Infliction of Emotional Distress

The infliction of emotional distress is a cause of action in tort that seeks damages for a person’s mental anguish and suffering without any physical injury or harm. The infliction of the emotional distress may be intentional or it may be negligent. Traditionally, courts have not allowed an owner to recover damages for emotional distress in actions regarding construction defects. However, more and more courts are beginning to consider these damages in litigation involving construction defects.

Where owners have been awarded damages based on emotional distress, courts have found that there is a duty on the part of a contractor to refrain from intentionally or negligently inflicting serious mental distress upon the owner. The duty is only owed to an owner who could have been foreseeably injured by the contractor’s actions. The owner must be judged according to the reasonable person standard. In other words, a reasonable person would have sustained mental distress as a result of the contractor’s actions.

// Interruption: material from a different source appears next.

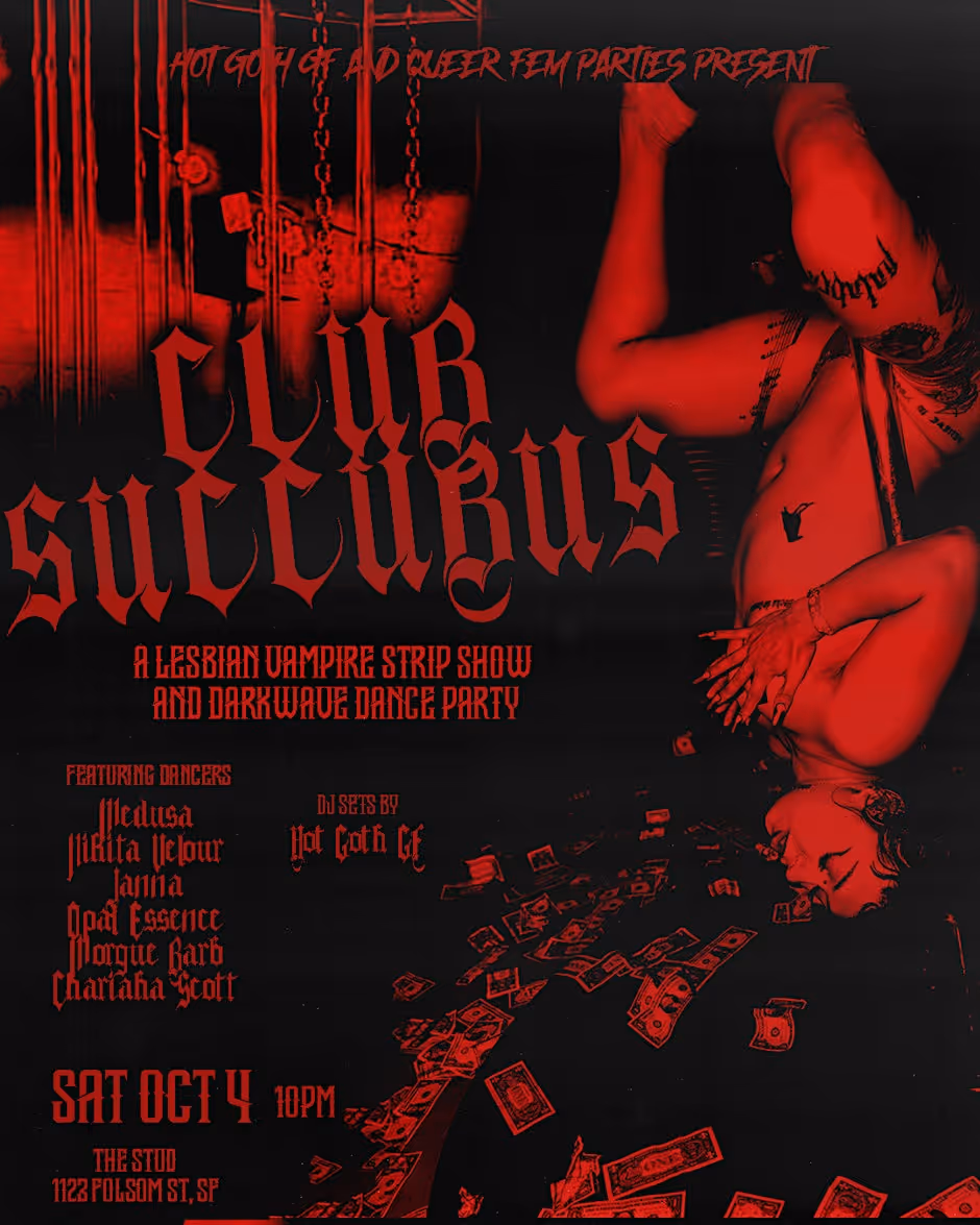 hot goth gf & queer fem parties present 🩸CLUB SUCCUBUS🩸 a sinister & seductive lesbian vampire strip show and darkwave dance party featuring Queer Fem Parties dancers 🩸Medusa 🩸Nikita Velour 🩸Janna 🩸Opal Essence 🩸Morgue Barb 🩸Chariah Scott & DJ Hot Goth GF vampire lesbian looks encouraged. bring cash tips for the dancers! 🩸SATURDAY OCTOBER 4🩸 The Stud 1123 Folsom St, SF 10pm-2am $15 advance, $20 door
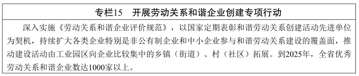 深化和谐劳动关系创建。积极推动企业落实主体责任,开展劳动关系和谐企业创建专项行动,加大劳动关系和谐企业指导培育、评估认定和正向激励力度,加强典型示范和宣传引导,营造构建和谐劳动关系的良好环境。

The elements for an action based on intentional infliction of emotional distress include outrageous conduct by a contractor; the contractor’s intent to cause, or reckless disregard for the probability of causing, emotional distress; an owner’s severe emotional distress; and the actual and proximate cause of the owner’s emotional distress by the contractor’s outrageous conduct.

Although an absence of a physical injury may no longer be a bar to recovery for damages for emotional distress, the physical injury may be used as evidence of the degree of an owner’s emotional distress.

An action for intentional or negligent infliction of emotional distress for a construction defect is based upon an owner’s mental anguish as a result of a contractor’s breach of a duty to construct a home in workmanlike manner. The most common scenario is where the contractor’s negligence creates a threat of physical injury based on an unsafe condition of the home or a structural defect in the home, which unsafe condition or structural defect could cause the home to collapse. The threat of the physical injury is what produces the owner’s mental anguish and emotional distress.

Where a construction defect is a latent defect, that is, a defect that could not have been discovered upon a reasonable inspection, it is difficult to establish damages for emotional distress. If an owner did not discover the defect, the owner is not susceptible to emotional distress for something of which he or she was unaware. However, once the owner discovers the defect, the owner can be susceptible to emotional distress.

There is a trend in several states to award damages for emotional distress in cases involving construction defects. Courts in these states recognize an emotional attachment that a person may have in his or her home and the person’s likelihood to sustain mental anguish and emotional distress as a result of his or her discovery of the defects. These types of damages are more likely to be awarded in cases where a contractor has refused to repair the defects or where the contractor could not successfully repair the defects because they were so serious.